Recognizing the problem, a 1999 California law mandates that the state Department of Health Services adopt regulations to establish minimum nurse-to-patient ratios for hospitals by early this year. But while establishing such minimums is an important step, it is meaningless if there aren't enough nurses to meet the requirements. The current critical shortage of registered nurses is only likely to get worse. Nearly 60% of the RN workforce is over 40 years old, and the percentage of nurses under 30 has fallen nearly 40% since 1980, according to a recent Vanderbilt School of Nursing study. Even if nurses become available, it will take several years for full implementation of the law, and there's no mandate in it that hospital workers be trained in elderly care.

When a patient falls or experiences an unexpected "adverse event" such as a physical injury in the hospital, staff are required to submit an "incident report." But patients and their families cannot gain access to these reports.

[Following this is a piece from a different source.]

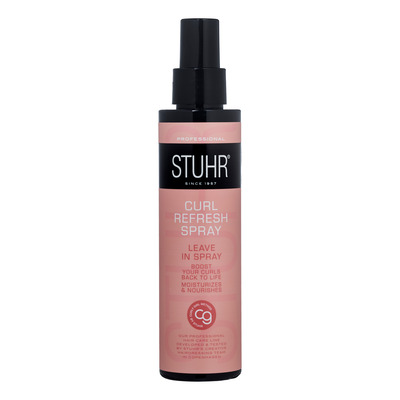 STUHR Styling Curl Refresh Spray gir krøllene nytt liv på dager uten hårvask, og tilfører fuktighet og næring. Den lette leave-in-formelen med 100 % naturlig polymer, baobab-ekstrakt og panthenol reduserer krus og gir krøllene sprett og glans. Håret etterlates mykt, pleiet og lett å style.
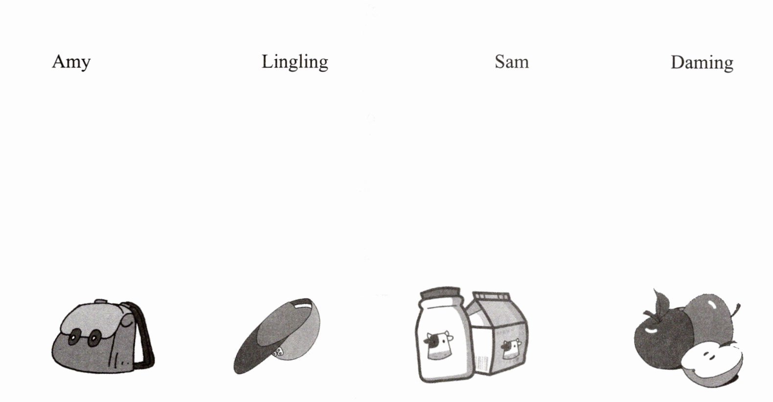 Amy—milk; Lingling—apples; Sam—caps; Daming—bags

To protect the hospital from having to give up such reports in the event of a lawsuit, they become part of the so-called "peer review process." Patients are not permitted even to verify whether an incident report is accurate, nor are they routinely informed of any corrective actions taken. The premier review agency for hospitals, the Joint Commission on Accreditation of Healthcare Organizations, has argued for many years that "fear of reprisals, public castigation, and loss of business ... impede the reporting of serious errors."

But if hospital care for the elderly is to improve, consumers need access to data on "adverse events" in hospitals. Hospitals protested when Medicare required them to make public their outcome statistics, including incidents of surgical complications and mortality. But these data have served the public well, enabling patients to make informed decisions about which hospitals to patronize--if their health plans allow them to choose. Now, data from incident reports should be made similarly available--not by name, of course, in order to protect privacy, but classified according to age, sex, kind of injury and outcome, with statistical comparisons to other hospitals across the community and nationally.

Patients and their families should also have the right to file incident reports. And hospitals should be required to respond to these reports. Although one can be sympathetic to hospitals' fears of legal exposure, they are institutions that serve the public and should not be immune from honest disclosure or the legal repercussions of failure to act. Hospitals should also be required by Medicare to provide elderly-protection training to all full-time and temporary staff.